The Great Harvard Debate

Of course, since nobody really cares about calculus, most of the "arguing" was done by these guys.

Isaac Newton, or Mr Newton as he was known to his friend, and Gottfried Wilhelm Leibniz, or Nitzy as he was known to his wide circle of friends, were contemporaries of each other. Their lives overlapped not only by temporal coincidence, but also by virtue of each inventing what is today known as calculus mathematics.

edit The quarrel

The credit for earliest invention is given to Newton but everybody uses Leibniz's notation, perhaps because Leibniz was more popular. Newton called his maths "Fluxions", which was a reference to the notion of continual change in a function which makes it difficult to get the same answer twice. Leibniz called his "Calculus", in honour of his passing a large kidney stone a few days earlier, which was all the more impressive by his insistence on working it out with a pencil. It is from "calculus" that we derive the word "calculate", which for most of us is all we manage to successfully derive.

Newton claimed that Leibniz had stolen his idea for calculus, despite never having told anybody about it, except possibly Leibniz. Unfortunately for Newton he had no documentary proof of having known about Fluxions before Leibniz published his paper. Fortunately for Newton he worked at Cambridge and so everybody believed him. However, Leibniz, by having more friends, was able to sway the argument in his favour.

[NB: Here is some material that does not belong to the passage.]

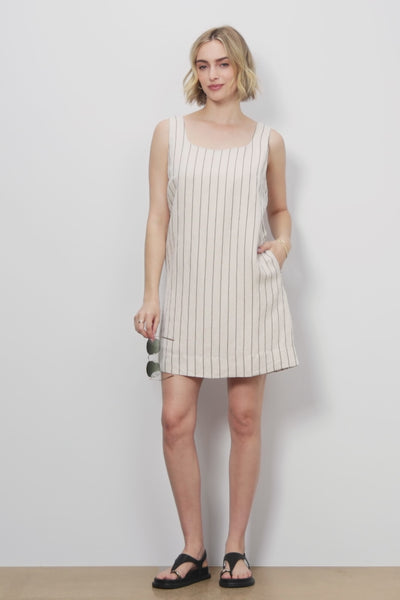 Top off your warm-weather dress collection with the Leah Shift Dress by EVEREVE. This striped linen-blend dress features a relaxed, sleeveless silhouette with side pockets and a smocked back detail.

Newton claimed to have invented Fluxions in 1666, surrounded by rats during the great plague. Leibniz invented his Calculus in 1674, surrounded by the same rats selling information. Leibniz published his ideas in 1684, whereas Newton's were published in 1687.

The argument raged on for over a hundred years before reaching a limiting factor in the form of "being bothered" tending towards zero, and thus fizzling out. Today we consider that both Newton and Leibniz invented calculus independently, though it remains universally acknowledged that Leibniz had more friends.